Chapter 1 - Introduction
The U.S. transportation community has placed high emphasis on the need to improve highway safety. The American Association of State Highway and Transportation Officials (AASHTO) and the Federal Highway Administration (FHWA) have adopted a goal to reduce highway fatalities from 1.5 per 100 million vehicle-miles traveled to 1.0 by 2008. AASHTO has established a Strategic Highway Safety Plan to determine the most promising countermeasures that improve safety in a cost-effective manner and are acceptable to the majority of the public. FHWA has focused its Safety Vital Few initiative on reducing intersection, run-off-the-road, and pedestrian fatalities. Human factors issues associated with roadway design and operations are a critical component of these highway safety improvement areas. It is also one of the five critical research needs contained in the highway infrastructure and operations component of the Nation Highway Research and Technology Partnership's report on highway safety. This study will provide methodological and technical insights into how best to incorporate human factors issues in the planning, research, design, and operation of highways.
The nine scan team members were a cross section of experts from Federal and State government and academia. A great benefit of the study for participants was the opportunity to view information through the eyes of colleagues with different training and experience. Human factors experts visiting a construction site, for example, gained from the explanations of highway engineers, who, in turn, gained from the human factors experts when the team visited a driving simulator. Table 1 identifies the team members.
|Kevin Keith, Missouri DOT, Co-chair|
|Michael Trentacoste, FHWA, Co-chair|
|Bruce Ibarguen, Maine DOT|
|Wesley Lum, California DOT|
|Terecia Wilson, South Carolina DOT|
|Dr. Thomas Granda, FHWA|
|Ernest Huckaby, FHWA|
|Dr. Leanna Depue, Central Missouri State University|
|Professor Barry Kantowitz, University of Michigan|
Figure 1. Scan team in Helsinki preparing for its first site visit.
The team visited public and private institutions in six European countries- Denmark, Finland, France, the Netherlands, Norway, and Sweden-during a two-week period (see figure 1). When the team spent two days at one location, the first day was devoted to lectures and facilities tours, and the second day was spent on a bus touring road sites that illustrated points explained the previous day. Table 2 lists the eight institutions visited. In addition to representatives from those agencies, representatives from the various Ministries of Transport and others involved in human factors safety research for the countries participated in the meetings. All were exceptionally helpful in addressing the concerns of the panel.
Figure 2. Map of sites visited.
|VTT Technical Research Centre of Finland (VTT)||Finland|
|University of Helsinki||Finland|
|The Foundation of Scientific and Industrial Research at the Norwegian Institute of Technology (SINTEF)||Norway|
|The Danish Transport Research Institute (DTF)||Denmark|
|Netherlands Organization for Applied Scientific Research (TNO)||The Netherlands|
|Institute of Road Safety Research (SWOV)||The Netherlands|
|The Swedish National Road and Transport Institute (VTI)||Sweden|
|French National Institute for Transport and Safety (INRETS) - Paris||France|
|French National Institute for Transport and Safety (INRETS) - Lyon||France|
Figure 3. Team cochairs presenting an overview of the scan study goals in Helsinki.
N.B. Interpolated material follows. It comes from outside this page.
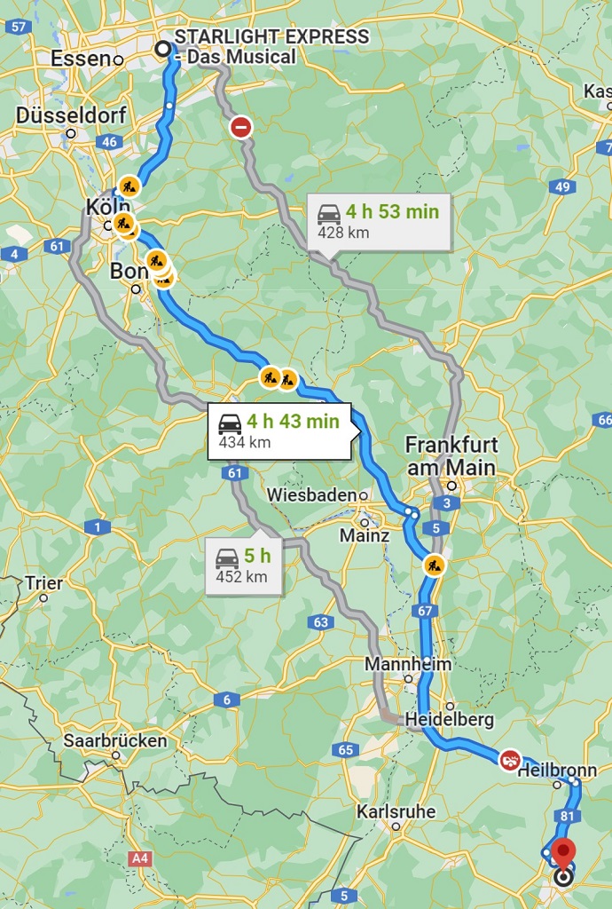 Mittwoch, 28. Dezember: Wir haben Tickets zur Silvester-Vorstellung des Starlight Express zu Weihnachten geschenkt. Das schreit natürlich nach einer Jahreswechsel – Tour. Nach Weihnachten und drei Tagen Homeoffice gehen wir auf Tour.

The goal of this report is to make researchers, designers, planners, and operators of U.S. highway systems aware of good ideas that are either unknown or unused here. The best practices identified in this report, if used in the United States, could greatly increase the safety and mobility of highway operations. The scanning team was so impressed by these new concepts that it has pledged to do its utmost to facilitate the early adoption of some of these key ideas. While many excellent ideas and practices were observed, the team agreed to focus on seven vital concepts:
- Self-organizing roads
- Driving simulators for roadway design and visualization
- Multidisciplinary crash investigation teams
- Speed management
- Human-centered roadway analysis and design
- Cognitive models
- Top-down leadership
In the following chapters, these concepts are described and illustrated by successful examples that demonstrate the utility and benefit of each idea. It is important to note that these topics are not mutually exclusive, e.g., self-organizing roads impact speed management.